- [ENTRIES SHOWN]
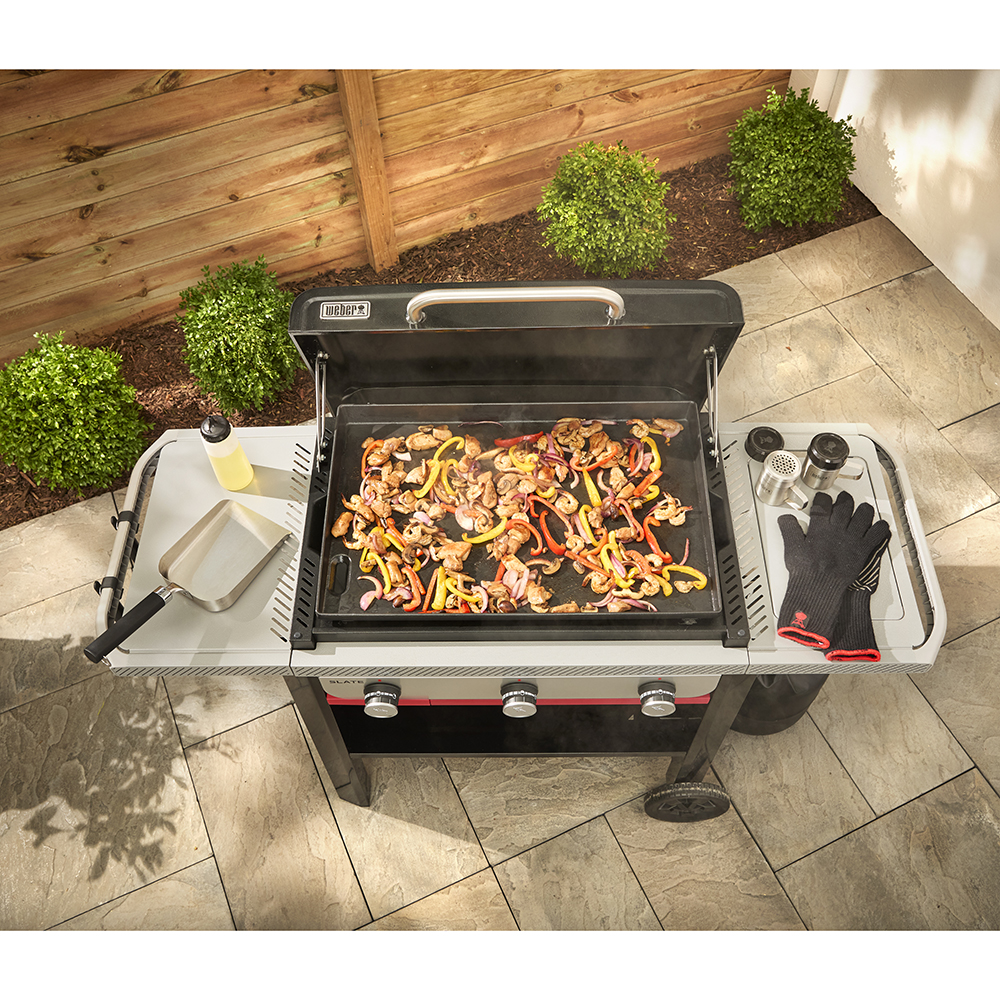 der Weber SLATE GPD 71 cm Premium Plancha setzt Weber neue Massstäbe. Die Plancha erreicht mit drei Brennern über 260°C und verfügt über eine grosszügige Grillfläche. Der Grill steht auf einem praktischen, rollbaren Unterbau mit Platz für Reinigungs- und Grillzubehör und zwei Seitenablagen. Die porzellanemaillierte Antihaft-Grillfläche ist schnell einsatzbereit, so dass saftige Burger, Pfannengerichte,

---

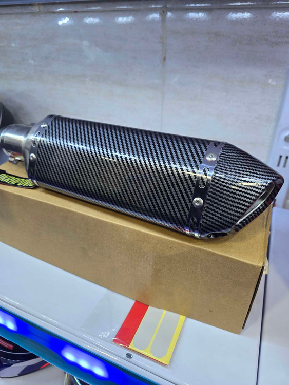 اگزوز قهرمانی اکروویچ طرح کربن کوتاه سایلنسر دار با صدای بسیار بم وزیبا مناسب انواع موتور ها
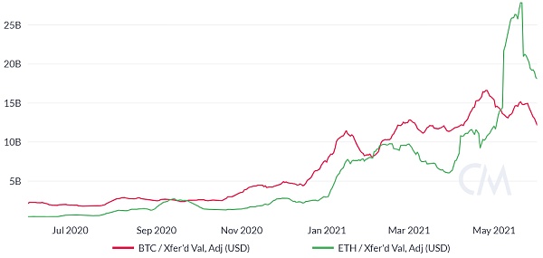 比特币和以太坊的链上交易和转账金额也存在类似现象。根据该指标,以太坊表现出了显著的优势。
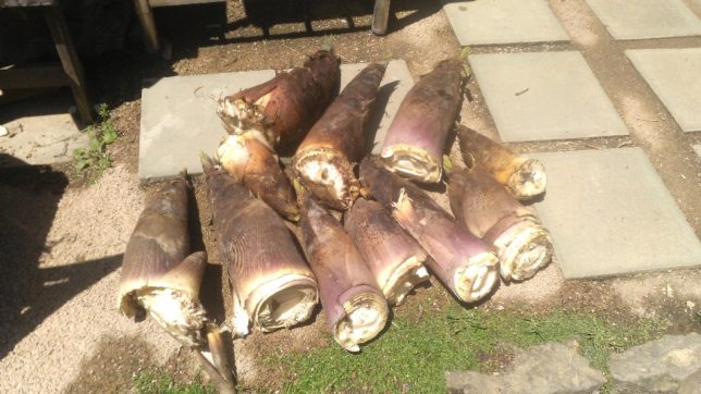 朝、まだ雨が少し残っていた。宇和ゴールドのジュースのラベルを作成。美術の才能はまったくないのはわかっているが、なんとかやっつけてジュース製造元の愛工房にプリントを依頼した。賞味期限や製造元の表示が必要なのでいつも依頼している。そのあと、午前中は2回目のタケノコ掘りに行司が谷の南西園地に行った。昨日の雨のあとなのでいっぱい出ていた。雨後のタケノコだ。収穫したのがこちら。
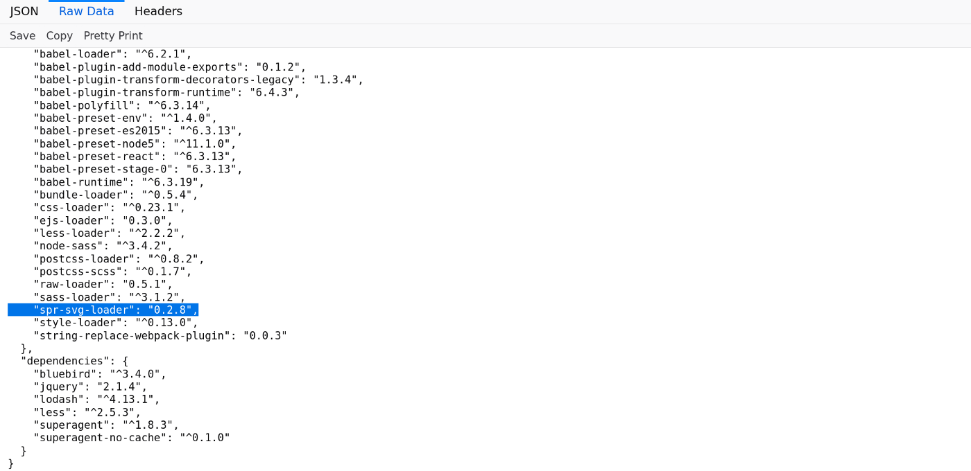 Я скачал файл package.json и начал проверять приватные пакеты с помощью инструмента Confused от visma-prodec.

- [YOUR TASK] Out of the records above, return only the lines from the one with "朝、まだ雨が少し残っていた。" through the one with "Я скачал файл", exactly, and none of the pictures.

- [RESULT FOR THIS EXERCISE]
 朝、まだ雨が少し残っていた。宇和ゴールドのジュースのラベルを作成。美術の才能はまったくないのはわかっているが、なんとかやっつけてジュース製造元の愛工房にプリントを依頼した。賞味期限や製造元の表示が必要なのでいつも依頼している。そのあと、午前中は2回目のタケノコ掘りに行司が谷の南西園地に行った。昨日の雨のあとなのでいっぱい出ていた。雨後のタケノコだ。収穫したのがこちら。
 Я скачал файл package.json и начал проверять приватные пакеты с помощью инструмента Confused от visma-prodec.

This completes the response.